Senate debates
Thursday, 19 March 2009
Fair Work Bill 2008
In Committee
8:55 pm
Sue Boyce (Queensland, Liberal Party) Share this | Hansard source
As Senator Abetz has ably pointed out, we have moved our amendments because we think they improve the provisions of this Fair Work Bill. I think we need to look at why there is an exemption from the unfair dismissal provisions for small business. It is about whether small business has the resources and the capacity to fulfil the legal, the technical and the regulatory requirements that, as Senator Abetz pointed out, can cost companies over and over again. I would like to go through what some other countries do in terms of what constitutes a small business. As Senator Abetz pointed out, by international standards our definition of a ‘small business’ is very low. The ABS defines a small business as having 20 or fewer workers and a medium businesses as having 20 to 199. But the majority of world regulatory agencies define a small business as having up to 50 employees. The OECD, the ILO and the World Bank all define a small business as fewer than 50 employees and, if you do the translation on the turnover, it is about A$20 million in turnover. Those agencies all say 50 employees and a turnover of under $20 million. That is vastly different from what we allege will give business the sorts of resources to cope with the regulatory framework of unfair dismissal provisions.

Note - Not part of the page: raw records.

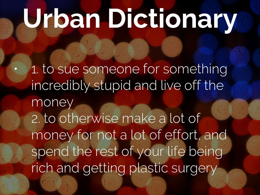 1. to sue someone for something incredibly stupid and live off the money
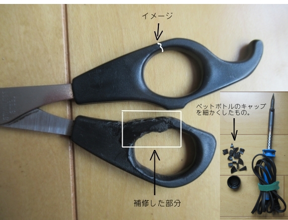 ちょっと昨日の続きみたいになってしまうのだが…。日常のちょっとしたプラスチックの補修なら、おそらくポリカプロラクトンは必要ないだろう。以下は、先日柄の部分を補修したハサミ (scissors) になる。亡き父親が購入したハサミで、おそらく購入してから20年以上は経過しているのではないだろうか…。
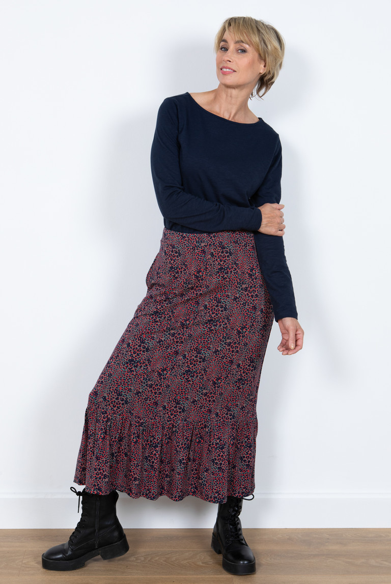 Ein wunderschöner, vielseitiger Midirock mit Seitentaschen und elastischem Rückenteil. Tiefer Saum mit Baumwollbesatzdetail und elastischer Bund für zusätzlichen Komfort und Passform.
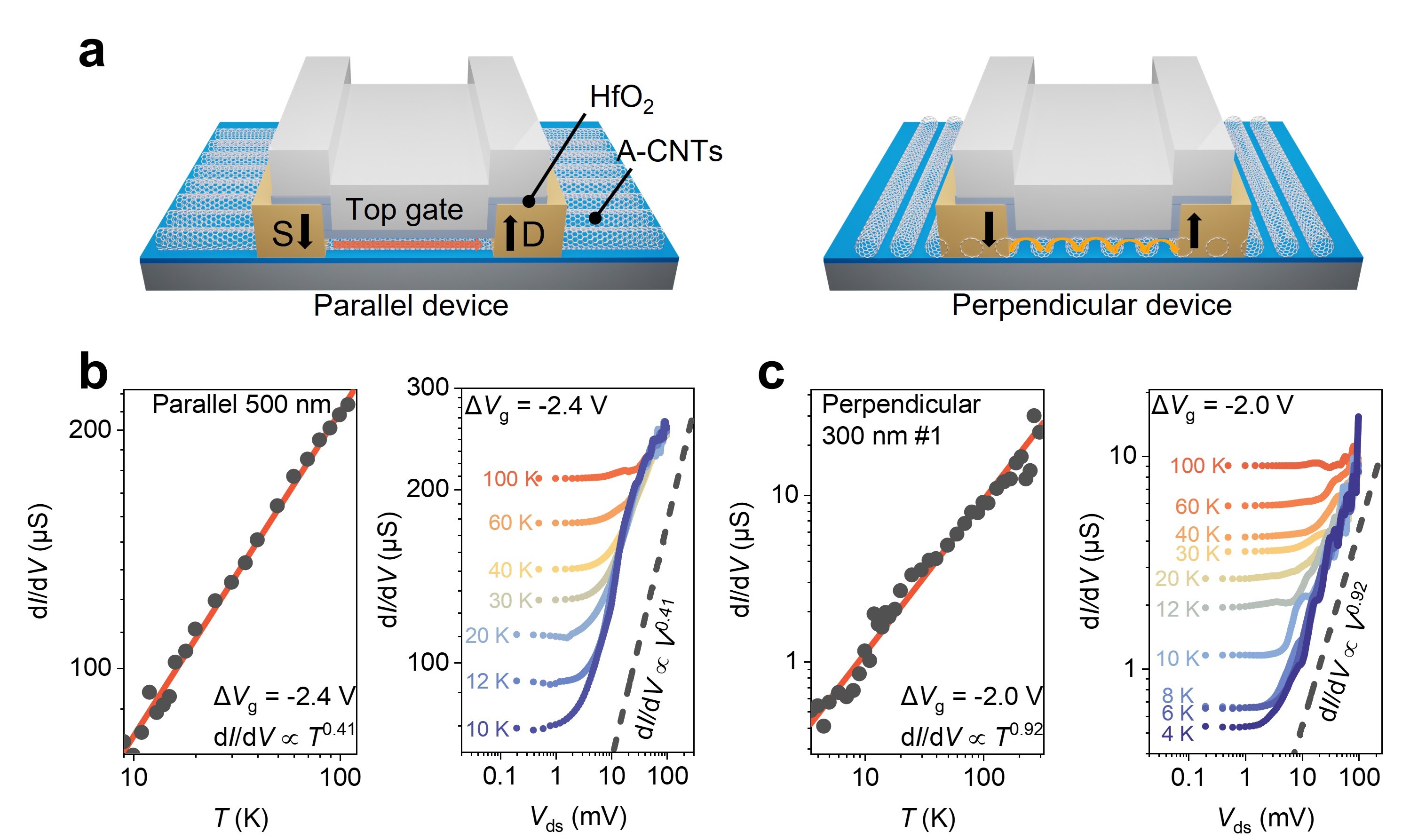 图2 高密度碳纳米管阵列的Luttinger liquid行为。a,基于碳纳米管阵列的平行与垂直器件结构示意图;平行(b)和垂直(c)器件的微分电导随温度和偏压的幂律标度行为。
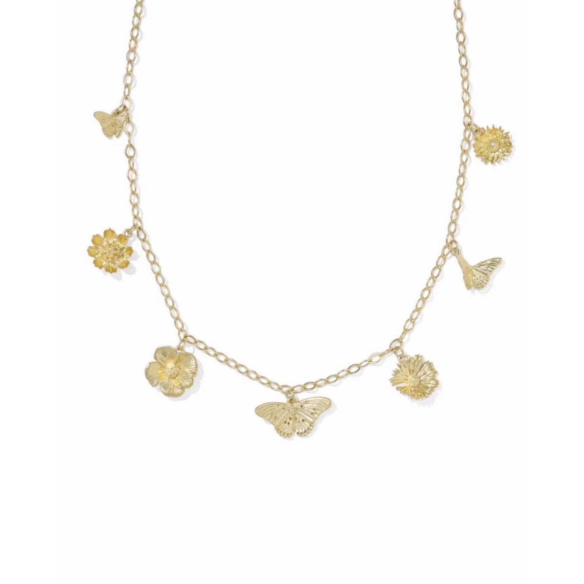 Stunning flora and fauna come together to create the Cailey Gold Charm Necklace. Featuring fluttery metallic charms of butterflies and Texas wildflowers complete with sparkling accents, this necklace is perfect for those who love nature.
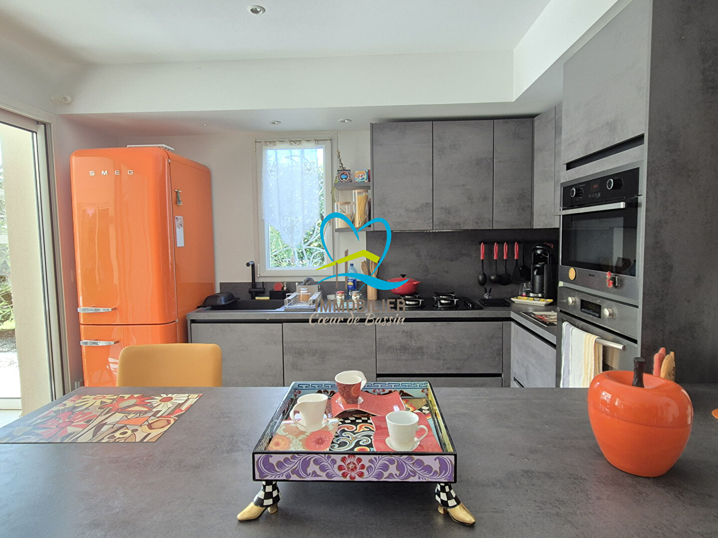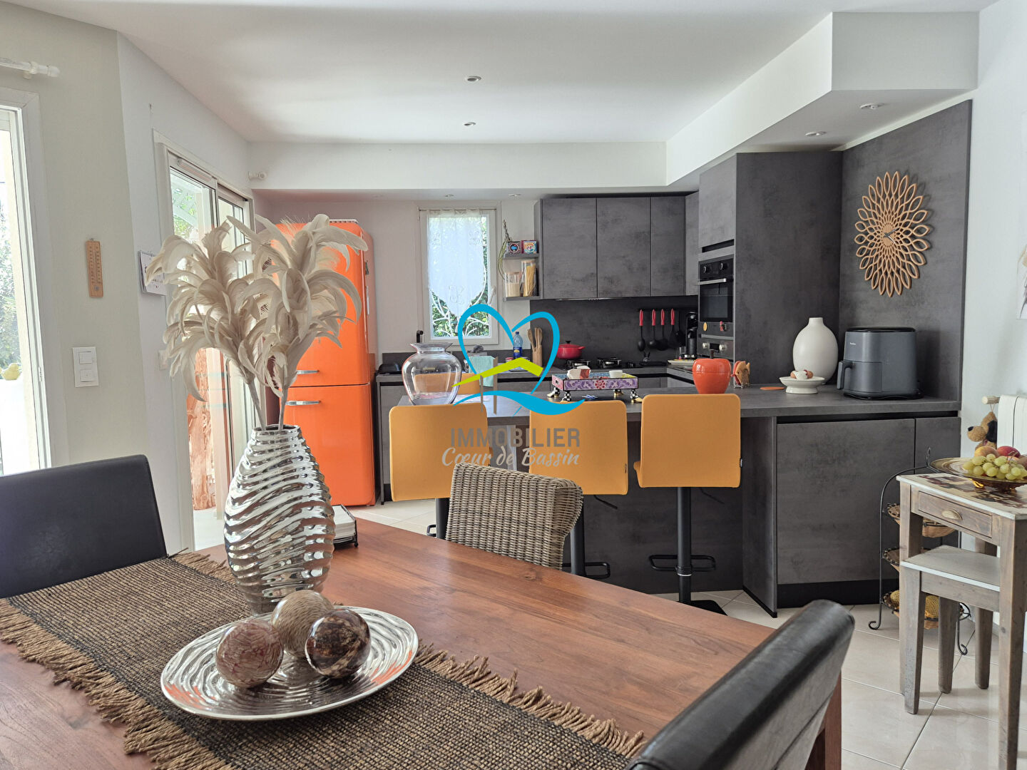 Immobilier Coeur de Bassin vous propose de découvrir cette villa contemporaine construite en 2004 par la société LASSERRE, d'une superficie de 131 m² habitables, située au calme d'un quartier résidentiel bordé par la pinède et le Golf des aiguilles vertes de Cassy. L'ensemble est en très bon état général, prestations de qualité, la villa est élevée d'un simple rez-de-chaussée composé de : - une vaste entrée avec vestiaire donnant sur un séjour lumineux exposé plein Sud-Ouest, ouvert par 3 larges baies vitrées et permettant l'accès à la terrasse couverte et carrelée. L'entrée donne également vers un garage de 20m2 (carrelé et isolé, avec porte électrique ) attenant à la maison (chaudière gaz FRISQUET). - une cuisine ouverte aménagée et équipée, un cellier buanderie. - un espace parental composé d'une chambre ouvrant sur le jardin Sud-Ouest , un dressing et une salle d'eau avec douche italienne, plan carrelé avec vasque, un wc. - à l'opposé un espace "invités" comprenant deux chambres avec placards, un wc indépendant et une salle d'eau. EXTERIEUR : Larges trottoirs carrelés , allée en enrobé avec parking aérien d'environ 4 places, un abri de jardin de 18m2. Puits foré, arrosage automatique. Le jardin a été idéalement paysager et aménagé. Vastes terrasses intimistes dont une transformée en jardin d'hiver avec climatisation réversible (15m2). Jardin agrémenté de diverses essences végétales et florales, piscinable est exposé plein SUD, sans vis à vis, avec une vue imprenable sur la pinède. Contacter Chrystel au 06.17.30.39.60, agent commercial inscrit au RSAC de Bordeaux 840 160 451. (3.64 % honoraires TTC à la charge de l'acquéreur.) Chrystel DADOLE (EI) Agent Commercial - Numéro RSAC : 840160451 - BORDEAUX.
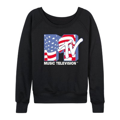 Women's - MTV - Lightweight French Terry Wide Neck Long Sleeve Graphic Shirt

A Canadian business is actually considered small if it employs under 100 workers, and that might give you an idea of where some of the earlier legislation came from. As I said, the OECD says that a small firm is fewer than 50 employees and micro-enterprises up to 10. The ILO—which, as I have said here before, can hardly be seen as an economically conservative organisation—says that small firms are considered to be those with fewer than 50 employees, and it puts an upper limit of 200 on a medium sized business. The World Bank goes for a turnover of about A$15½ million and fewer than 50 employees. We could go on and on.
In the US they have gone for a somewhat more complicated system which recognises that some businesses may have a lot of employees but not a lot of capacity. A highly labour intensive business such as a factory, a milk bar or a sandwich shop might employ a lot more people than, for instance, an IT organisation which has much higher turnover, much fewer staff. So for a small business in the US they work on the sort of business. For most manufacturing and mining industries, up to 500 employees and a turnover of about A$11 million is considered a small business. It goes on: for wholesale traders, they work on a definition of under 100 employees and with annual receipts below A$52 million. They have tailored the cloth to suit the type of business—certainly not something we have done here.
Industry Canada, as I pointed out, says that a small business is any business with fewer than 100 employees and a medium business works on 100 to 500 employees—vastly different from the figures that we have here. We have worked on the basis that we think we can improve this legislation by proposing that it move to 25 full-time employees, not 15 head count. I suggest that 15 head count does not represent the sort of business that has the capacity to understand regulation and spend their time worrying about the legal side of how to undertake a dismissal—not ‘fairly’ but according to the rules, which is far more what it is about. The vast majority of employers would wish to dismiss someone simply because they do not suit the job; they would wish to dismiss them fairly. But if they do not tick all the right boxes at all the right times, they can end up being subject to the sorts of prosecutions and costs that Senator Abetz talked about before.
I think that if this government wants to persist with going for an unfair dismissal exemption limit of 15 head count they should just come clean. Why do they not just honestly say, ‘We want to get rid of the unfair dismissal exemptions altogether’? When you get down to a head count of 15, you are talking about busy milk bars, sandwich bars and other organisations that might have two or three full-time employees—perhaps even husband and wife—and a lot of casuals coming in to help out. These are not the sorts of organisations that have the resources and the capacity. This government does not really care about whether businesses have resources or capacity to undertake the technical aspects of meeting unfair dismissal requirements; what they really care about is making the playing field as uneven as possible for small business. Why not just be honest and say, ‘We want to get rid of the exemption altogether; we want everyone to be immediately liable to meet the unfair dismissal provisions’?